The Bank chief made the observation at an event where Ghana shared its rich cultural legacy with participants during the Bank’s 2022 Annual Meetings, which ended in Accra on Friday.

The evening lived up to its promise, beginning with a poem read in the Ashanti language, praising the power of African solidarity. It was followed by traditional music from the region.

Moreover, the participants discovered the majestic dance of the Akan people of Ghana, as well as a variety of dance steps, performed by male and female dancers to the sounds of balafons, and drums played by women and men, demonstrating the historic harmony between the genders in African societies.
Male and female dancers performing dance steps, to the sounds of balafons, djembes, and drums played by women and men. The evening was lively for invited guests who danced to the sounds of traditional Ghanaian music and other rich sounds from the continent.

Dr. Adesina noted that culture in Africa had become an industry, with Nollywood now ranking alongside Hollywood and Bollywood and generating $7.2 billion, and still growing.

Nollywood, according to him, directly employs 300,000 people and a further one million in supply and support services. He added that the streaming platform Netflix has set up shop in Africa because the continent’s cultural industry is thriving, innovative, and creating jobs and wealth.
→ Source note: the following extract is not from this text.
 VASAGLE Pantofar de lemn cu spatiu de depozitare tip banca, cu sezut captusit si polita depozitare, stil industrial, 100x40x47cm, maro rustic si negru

“Netflix is here in Africa, bringing $8 billion of investment to Africa…Our soft power is a strong tool to reshape the narrative, create wealth, showcase opportunities, and present a young, dynamic, and vibrant Africa to the global audience”, he said.
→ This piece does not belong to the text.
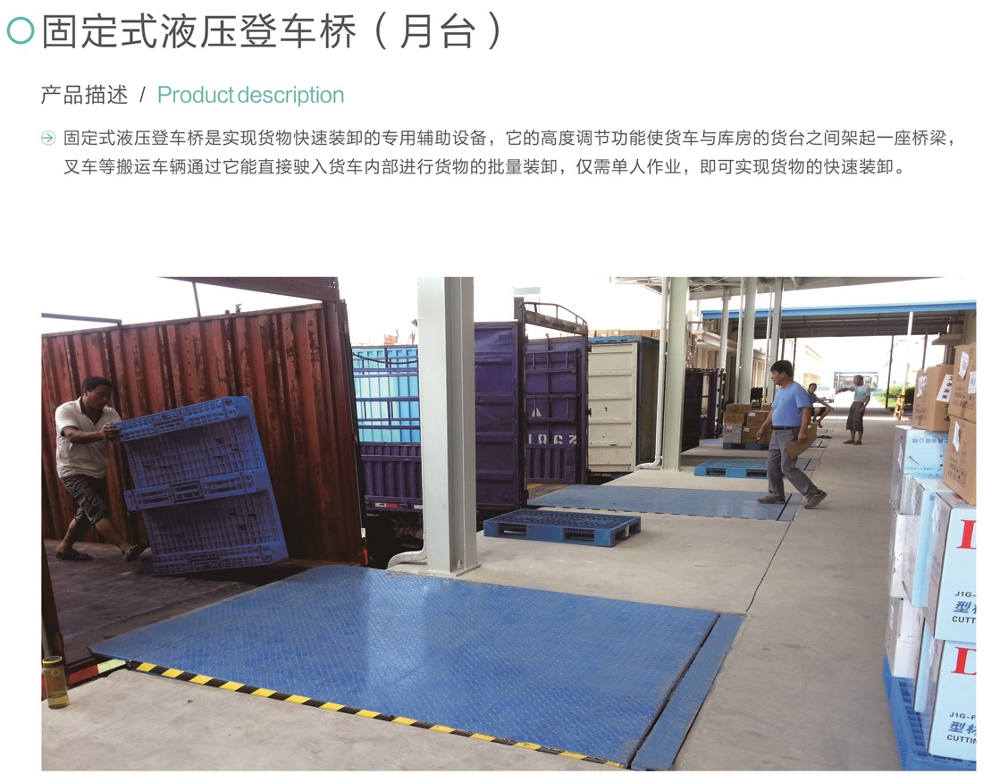 固定式液壓登車橋是實現(xiàn)貨物快速裝卸的專用輔助設備,它的高度調(diào)節(jié)功能使貨車與庫房的貨臺之間架起一座橋梁,叉車等搬運車輛通過它能直接駛入貨車內(nèi)部進行貨物的批量裝卸,僅需單人作業(yè),即可實現(xiàn)貨物的快速裝卸。

He also recalled the importance of culture in the continent’s socioeconomic development, as well as in the expression of its subtle power. He said the Bank was working with the continent’s cultural actors in the arts and fashion, with the creation of Fashionomics, a Bank initiative to enhance the textile industry and fashion.

“For decades, the beauty, brightness, and masterful tapestries of Kente cloth (a fabric worn in some West African countries) have become synonymous with African fashion. The fashion industry’s income-generating and job-creating potential in Africa is why I said the African Development Bank had created the Fashionomics initiative.
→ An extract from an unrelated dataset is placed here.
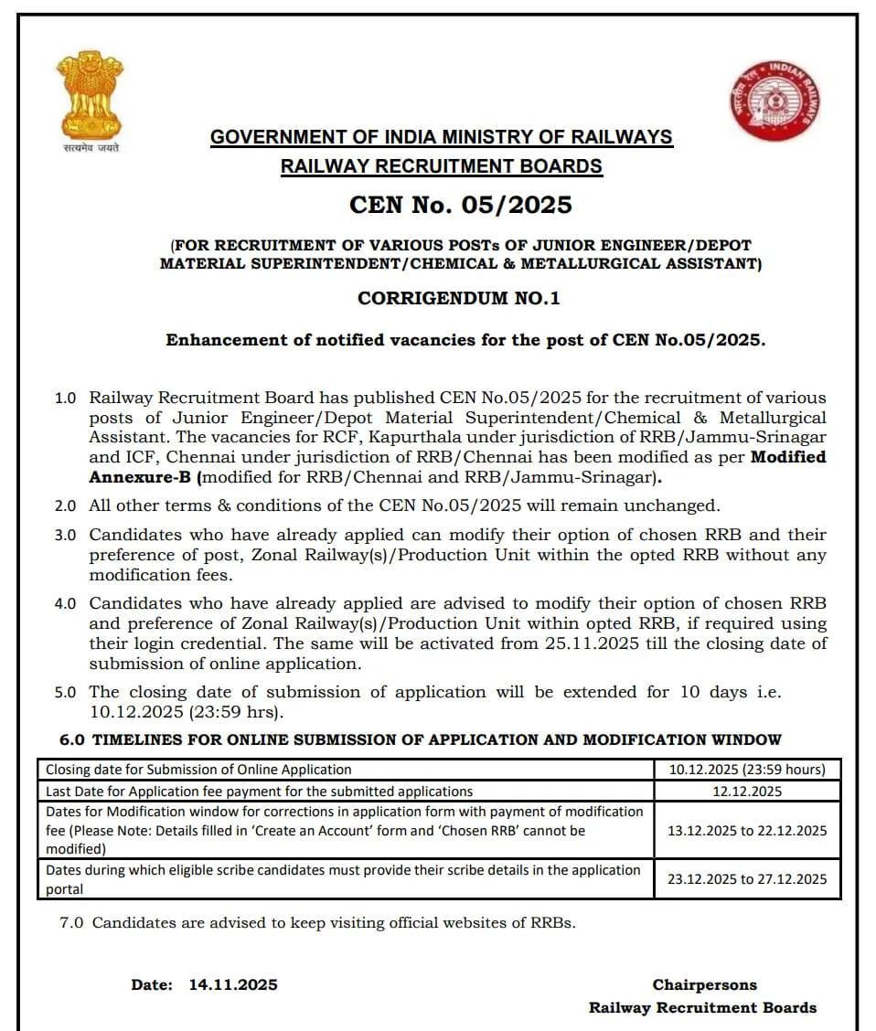 The last date to apply online for the RRB JE Exam is 10th December 2025 (11:59 PM). Check all important dates below.

“This initiative provides capacity building, entrepreneurial skills, networking opportunities, and increased access to finance, for designers and entrepreneurs to grow their businesses…African culture has become a global export”, he added.

In his remarks at the occasion, Ghana’s Finance Minister and Chairman of the African Development Bank Group’s Board of Governors, Kenneth Ofori-Atta, said his country was proud to welcome Africa to Accra to reflect on the challenges of climate change and building resilience on the continent.

“Welcome to a celebration of African culture. I think we can all understand that we need platforms such as these to showcase, promote, and ultimately preserve our rich and diverse cultural heritage.

“Africa is the cradle of humanity and the second-largest continent. Africa has an enviable cultural heritage with a rich diversity of languages, natural organic foods, vibrant music and dance, beautiful fashion, inspiring arts, and strong traditions that have stood the test of time”, he said.

The minister noted that when you come to Africa and you are looking for energy, culture and people, come to West Africa and the diversity of Nigeria alone, he said, will blow you away, and of course the beauties of Ghana.

The minister also pointed out that Africa is home to a third of the world’s languages which ranges between 700 and 3,000.

“I am convinced that tonight’s activities will be a success even beyond tonight. I can assure us all here that the African Development Bank Group will do everything in its power to fully support the creative sector and ensure that our cultural practitioners are empowered and allowed to showcase their talents on as many global platforms as possible. In doing so, we aim to build stronger bonds of solidarity, peace, and stability across the continent”, he stressed.